Biocircuits for Evolutionary Biotech
Synthetic bio sensor circuits for evolved pharmaceutical biomanufacturing

Problems & Goals
Developing new useful microorganisms for renewable chemical production, bioremediation, agricultural and of course medical applications is extremely time and capital intensive, typically taking 50 million USD and eight years to complete. We modified an existing synthetic biosensor to measure the pharmaceutical dopamine, a trauma treatment, in conjunction we used a circuit simulator Cadence to predict improvements to the biosensor, which ultimately is designed to be used for high throughput evolution. Evolution with the associated benefits of reducing hypothesis testing and directed engineering will allow hundreds to thousands times faster screening than existing machines, thus reducing timelines and costs.

Biosensor
To screen cells we genetically modified a plasmid-based biosensor to generate a fluorescent signal in response to dopamine production in the cells. The resulting sensor was sensitive to dopamine from the expected starting concentration of the cells to the projected commercially viable concentration. With this easy to use sensor, we hypothesize the best molecule producing cells among a randomly assorted population of millions can be screened every day by their fluorescence to evolve them to be industrially viable.

Sensor Optimization
In simulation we varied the copy number of the plasmid and a promoter strength to find improved version of the biosensor in terms of energy usage, log-linearity of the input output dynamics, and the on-off ratio. This allowed us to find an optimized biosensor that would improve future evolutionary studies.

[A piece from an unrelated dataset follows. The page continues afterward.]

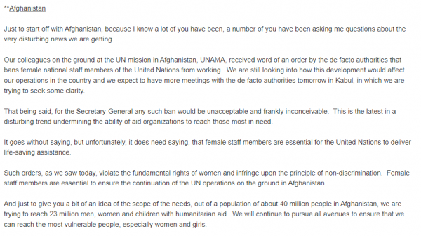 Σε απάντηση, ο Γενικός Γραμματέας Αντόνιο Γκουτέρες έγραψε στο Twitter: «Καταδικάζω έντονα την απαγόρευση στις Αφγανές συναδέλφους μας να εργαστούν στην επαρχία Νανγκαρχάρ του Αφγανιστάν. Εάν το μέτρο αυτό δεν ανατραπεί, θα υπονομεύσει αναπόφευκτα την ικανότητά μας να παρέχουμε σωτήρια βοήθεια στους ανθρώπους που την έχουν ανάγκη».

Production and Evolutionary Next Steps
To establish cells that can produce dopamine at the dopamine sensor’s low end of sensitivity we worked to replicate the work of previous researchers. Using their design we successfully constructed the dopamine production plasmid, however due to the pandemic the precursor overproduce plasmid was not completed. Once finished we would randomly mutate the organisms and screen them using the biosensor. Applied iteratively, generating diversity and selecting the best producers would evolve cells to be ever more productive, and eventually reach the yield, titer, and rate requirements for industrial production.